Point 8 is especially important on very large datasets, since you can only achieve a minimally logged bulk insert operation if:
The destination table is empty, and
The table is locked for the duration of the load operation.
The database is in Simply / Bulk Logged recovery mode.
This means that subesquent bulk loads a table will always be fully logged, so you want to get as much data as possible into the table on the first data load.

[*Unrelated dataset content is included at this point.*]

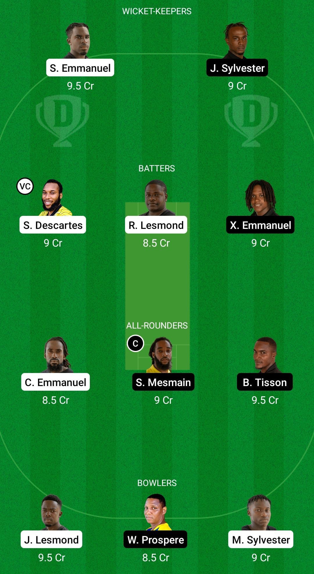 Fantasy Suggestion #1: Sabinus Emmanuel, Julian Sylvester, Sadrack Descartes, Rohan Lesmond, Xytus Emmanuel, Craig Emmanuel, Shani Mesmain, Bradley Tisson, Jamal Lesmond, Wayne Prospere, Marklin Sylvester

Finally, if you can partition you destination table and then load the data into each partition in parallel, you can achieve up to 2.5 times faster load times, though this isn't usually a feasible option out in the wild.
If you've ruled out network latency, your most likely culprit (with real quantities of data) is your pipeline organisation. Specifically, what transformations you're doing along the pipeline.
Data transformations come in four flavours:
streaming (entirely in-process/in-memory)
non-blocking (but still using I/O, e.g. lookup, oledb commands)
semi-blocking (blocks a pipeline partially, but not entirely, e.g. merge join)
blocking (blocks a pipeline until it's entirely received, e.g. sort, aggregate)
If you've a few blocking transforms, that will significantly mash your performance on large datasets. Even semi-blocking, on unbalanced inputs, will block for long periods of time.
In my experience the biggest performance factor in SSIS is Network Latency. A package running locally on the server itself runs much faster than anything else on the network. Beyond that I can't think of any reasons why the speed would be drastically different. Running SQL Profiler for a few minutes may yield some clues there.
CozyRoc over at MSDN forums pointed me in the right direction ...
- used the SSMS / Management / Activity Monitor and spotted lots of TRANSACTION entries
- got me thinking, read up on the Ole Db connector and unchecked the Table Lock
- WHAM ... data loads fine :-)
Still don't understand why it works fine on my laptop d/b, and stalls on the test server ?
- I was the only person using the test d/b, so it's not as if there should have been any contention for the tables ??